BSI-Grundschutz: Lohnt sich die Umsetzung doch?

Doch wie sieht es aus, wenn Unternehmen eine Zertifizierung anstreben? Ist dann die standardisierte Vorgehensweise des BSI ein Korsett und eine Umsetzung fast unmöglich? „Der Vorwurf gilt nur, wenn der BSI-Grundschutz erfordert, dass ein Unternehmen seine Geschäftsprozesse komplett umkrempeln muss um es so zu strukturieren ist, dass es konform ist,“ sagt Ralf Schlag, Team Lead DataCenter bei Interoute. „Dann ist es sicherlich kaum machbar sondern vielmehr empfehlenswert, eine flexiblere ISO-27001-Zertifizierung anzustreben.“

Wenn dies aber nicht der Fall sei, habe das normative und standardisierte Vorgehen des BSI einen ganz entscheidenden Vorteil, findet Schlag: Die vorgegebenen Standards seien für Unternehmen eine wichtige Hilfestellung bei der Umsetzung.

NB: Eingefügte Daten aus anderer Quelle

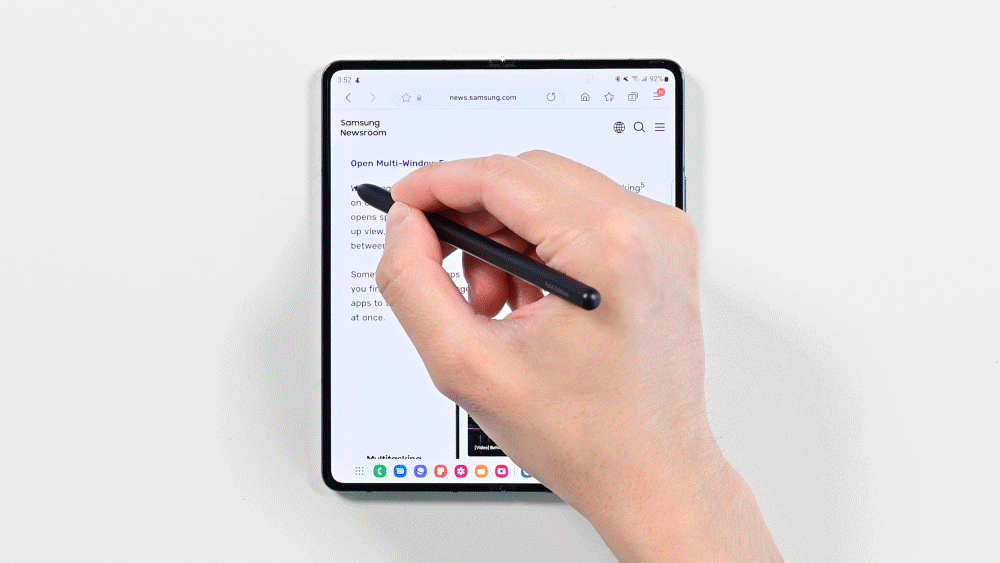Se stylusem S Pen pro Fold4 můžete přesně ovládat své mobilní zařízení, jako byste pracovali s myší na počítači. Na velkém displeji si můžete pohodlně dělat poznámky tak jako na tabletu a navíc je možné rychle kopírovat a vkládat text, odkazy nebo fotografie.
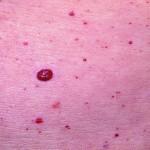 These are bright red vascular blemishes which lie just under the surface of the skin. They are dome-shaped or slightly raised and are frequently found on the midriff, back or front but also on the face. Most people aged over 30 have at least one and they are even more common in men than women. some people have dozens. They are usually approximately 2mm in size but can be smaller or as large as a thumbnail. The larger they become the more raised from the surface of the skin they appear.

„Die Mehrheit meiner Kunden hat sich eben deshalb für den Grundschutz entschieden, weil es ein checklistenartiges und außerordentlich standardisiertes Verfahren gibt“, betont auch Professor Rumpel. Dieser Normierungsgrad existiere bei einem generellen ISO-27001-Ansatz nicht. „Firmen sind bei ISO-27001 zwar flexibler“, sagt der Interoute-Experte Schlag, „allerdings müssen die Unternehmen dann viel größere Anstrengungen in die Entwicklung des eigenen Lösungsansatzes stecken.“

Und letztendlich sei es doch so, dass unabhängig davon, welche Methode angewendet wird – ISO 27001 nativ oder auf Basis von IT-Grundschutz der Anwender bei richtiger Anwendung der Maßnahmen zum gleichen Ergebnis kommen müsse, sagt Sicherheitsexperte Haufe. Unterschiede im Detail kann es seiner Ansicht nach lediglich im Rahmen der Dokumentation der Maßnahmen oder der Dokumentation des Managementsystems für Informationssicherheit geben. Ein Beispiel hierfür sei das nach ISO 27001 geforderte Dokument „Statement of Applicability“, welches im IT-Grundschutz dem Basis-Sicherheitscheck entspreche.

BSI-Kritiker Sachar Paulus, Professor für Unternehmenssicherheit und Risikomanagement an der Fachhochschule Brandenburg, sieht das anders: „Ich bin nicht der Meinung, dass man zum gleichen Ergebnis kommen muss.“

Es gebe vielmehr immer eine Vielzahl von Möglichkeiten, Maßnahmen zu ergreifen, um ein Risiko angemessen zu berücksichtigen. Beispiel Cloud Services: Dazu gebe es nach BSI-Katalog keine vorgeschlagene Maßnahme. „Sehr wohl kann man sich aber eine Fülle von guten Sicherheitsmaßnahmen vorstellen“, sagt Paulus. Ein zweites Beispiel sei die digitale Signatur: Nicht immer sei diese tatsächlich die beste Wahl.